The following four months were the lowest, most dangerously close to suicide days I’d ever experienced. And this is why. After my fall, I hauled my broken body off the mountain and hitched a ride with a certifiably bat-shit-crazy lady to the hospital. I am one lucky girl because these circumstances are highly unlikely on the trail.
I caught a cab to a hotel, boarded a plane the next morning and in just over 24 hours after falling, I was sitting at home with half a cast and a shattered dream.

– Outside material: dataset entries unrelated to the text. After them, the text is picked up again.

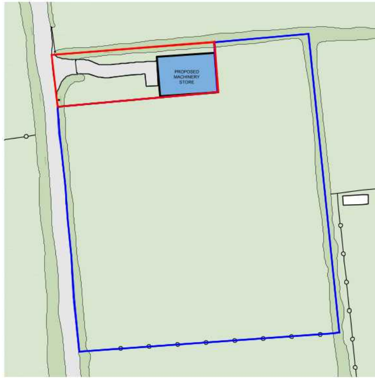
Proposed Location Plan Scale 1:1250

Note: ALL DIMENSIONS TO BE CHECKED ON SITE FOR ANY DISCREPANCIES TO BE NOTIFIED PRIOR TO COMMENCEMENT OF WORK.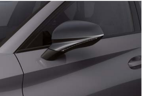
GRAPHENE GREY VZ1 | VZ2 | VZ3 | FIRST EDITION^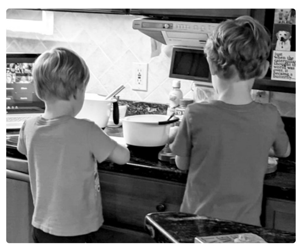
Young participants in last fall's Vermont Eats!: Apples cooking class.

Communities who came to live in current-day Vermont brought cooking traditions they adapted to the environment and available ingredients. This includes Abenaki shaping a unique agriculture to the post-glacial landscape, French and English residents mixing a Western European penchant for sauces and puddings with indigenous ingredients, Mediterranean community members bringing sunny dishes to a cold north, Jewish families who maintained a food tradition from Judaea to Lithuania to Burlington, African flavors and textures forcibly filtered through the American south before arriving in the Green Mountains, Asian cooks transforming local produce into incredible flavors and dishes, and many, many more. What are your family food traditions and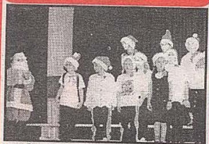
Students at Robert Little school delighted audiences with their Christmas concert. See photo on page 3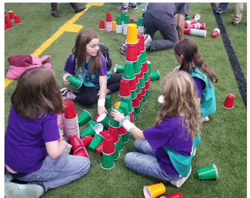
These are photos taken by a Girl Scout at the Girl Expo in 2022.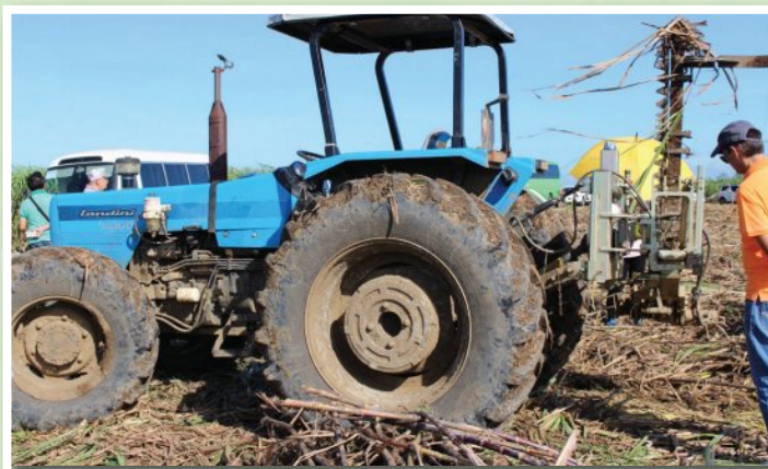
Tractor mounted with Sicklesword Cutter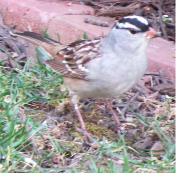
White-crowned Sparrow Zonotrichia leucophrys

Poecetes gramineus EMBERIZIDAE Preferred Habitat: Grassy and weedy fields, fallow or cultivated fields. Prefer drier areas with bushes or hedgegrows. Seasonal: Early-April to late-August Field Marks: White eye-ring, uniformly streaked back, pale white jaw line and off-white belly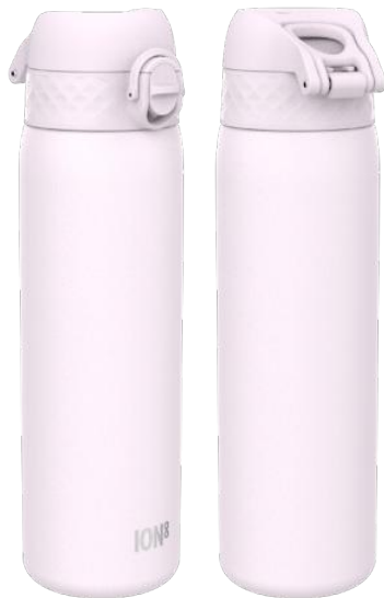
18SS600LIL2 STAINLESS STEEL - 600ML LILAC DUSK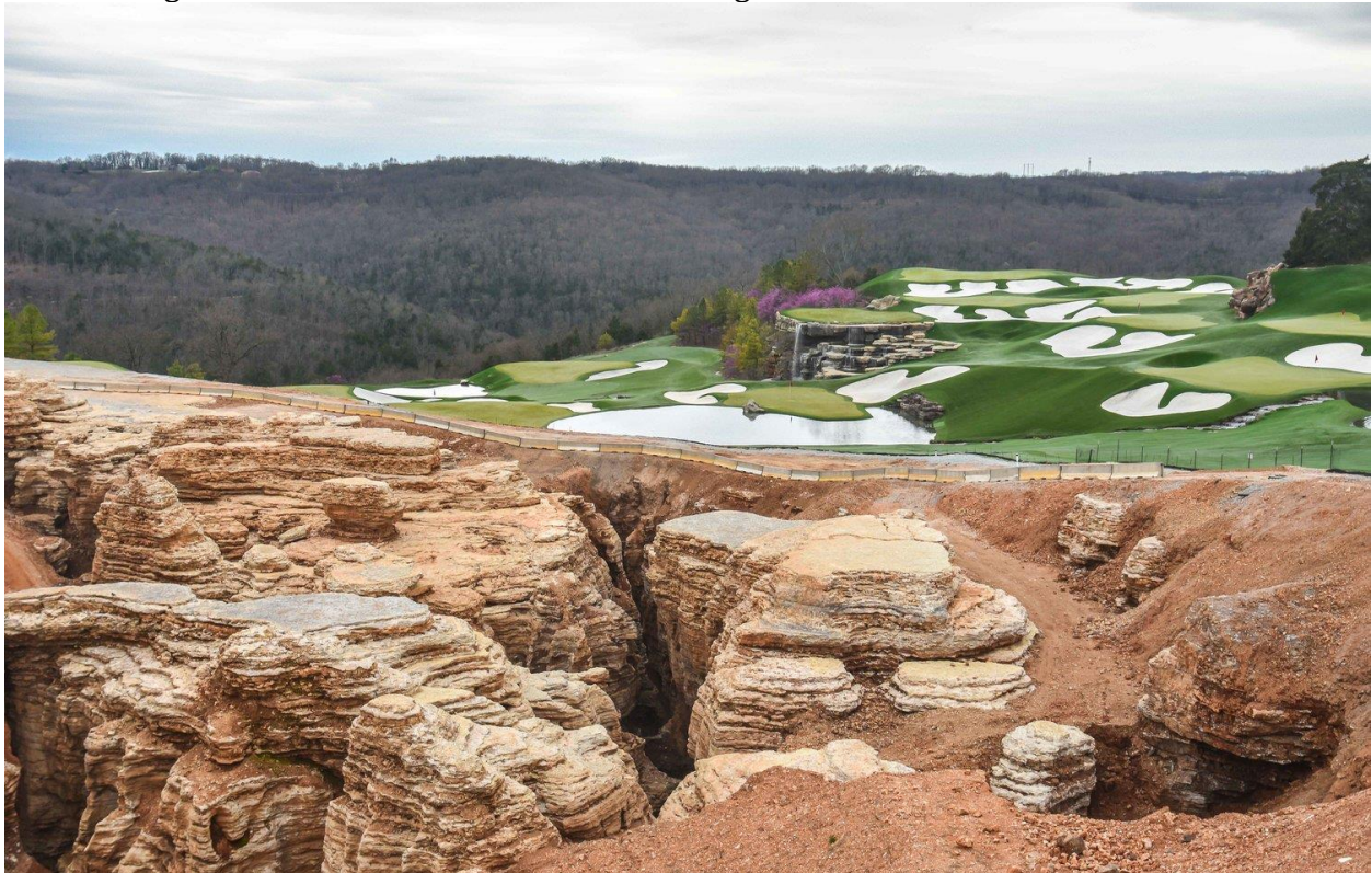
A giant sinkhole has been excavated in front of the range at The Top of The Rock.

Since Big Cedar Lodge is technically a Wilderness lodge, golf is not the main focus. A quick scan of the “things to do” section revealed about 20 non golf related activities.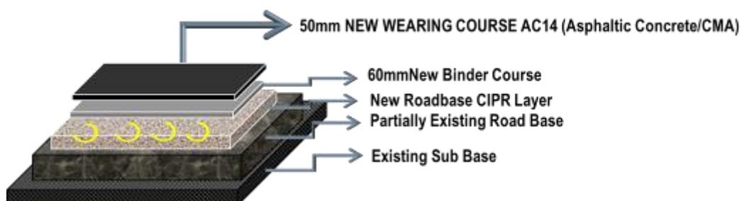
Figure 4. Structure of pavement layer.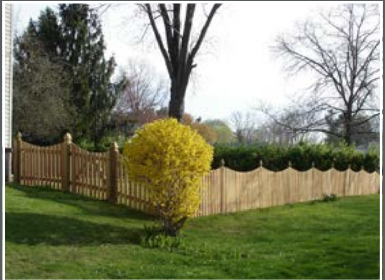
Dip Top Picket on Gothic Post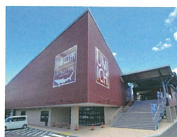
② Kesennuma City/ Sea Market, Umi-no-ichi

I was 97 lbs, full of pain, frustrated beyond sight, and absolutely grounded. What had happened? Who was I?
Just a few days prior, I had discussed what I would eat as my celebratory meal after summiting. I had given myself permission to actually “feel” what that last mile would be like. I was hauling 40# on my back more than 20 miles a day through extremely adverse conditions. I was happy and absolutely fulfilled.
Then, not. Not any of it. I was sat down, with a heavy boot, crutches and a house full of stairs. I couldn’t walk, drive or participate in my life in any way I found acceptable. Bullshit.
And that was just the first few days.
I wore the boot. Then I took it off and walked. Then I reinjured my leg.
So I wore the boot again. For a very long time.
I couldn’t run which was my stress equalizer before the trail. I couldn’t hike. I couldn’t even do sit ups or push ups without pain. I couldn’t even practice asana, the physical movements in yoga.
The lowest day, I found myself throwing an elaborately orchestrated pity party filled with woe-is-me and WTFs. It was ugly.
Then Mumbles showed back up.
I had watched many members of my trail family (“tramily”) finish the trail, and was equally jubilated as I was jealous. But when Mumble summited, I cried. His undying support, even through his toughest days, was enough to keep my head above ground.
After he summited, he stayed in close touch. I could always reach out and find a friend. It was with his encouragement that I sought out and found a kickass, foul-mouthed, gruff and rough therapist. Just my style. Everyone, in my opinion, needs a therapist on top of all other coping mechanisms. Someone with heart and tools to help navigate the shit in life.
The other aspect of my life that never left was yoga. Yoga was my constant companion. Even though I wasn’t purposefully posing, all of yoga infiltrated my journey.
I balanced, I stretched, I was strong. It was all mental. Yoga kept me sane. My years of practice not only helped me physically accomplish my goals, it also assisted my breath in long uphill climbs. It never failed me mentally. Emotionally, I felt well equipped to handle the toughest situations. I may not have liked it, but there was never ever a moment of panic. Even when my leg was falling off.
It was, from my very personal perspective, yoga which saved my life on and off trail. My yoga tribe shined when I felt dark. My meditation allowed me to listen to my body, and my breath is still healing all the corners where scary monsters live.
I’m still recovering from the disappointment of not completing my envisioned task. My leg is better than ever, even if I’m not running. Yet, I find myself at the strongest point in my entire life. I have experienced the lowest low, and I’m on my way up. Hell to the Yes!
It is with utter love for this life that I refuse to give in. I have many more adventures and so much more to give. This little blip doesn’t define me.
I’m simply experiencing a set back as a set up for a comeback. Watch out world. I’m not even close to being finished.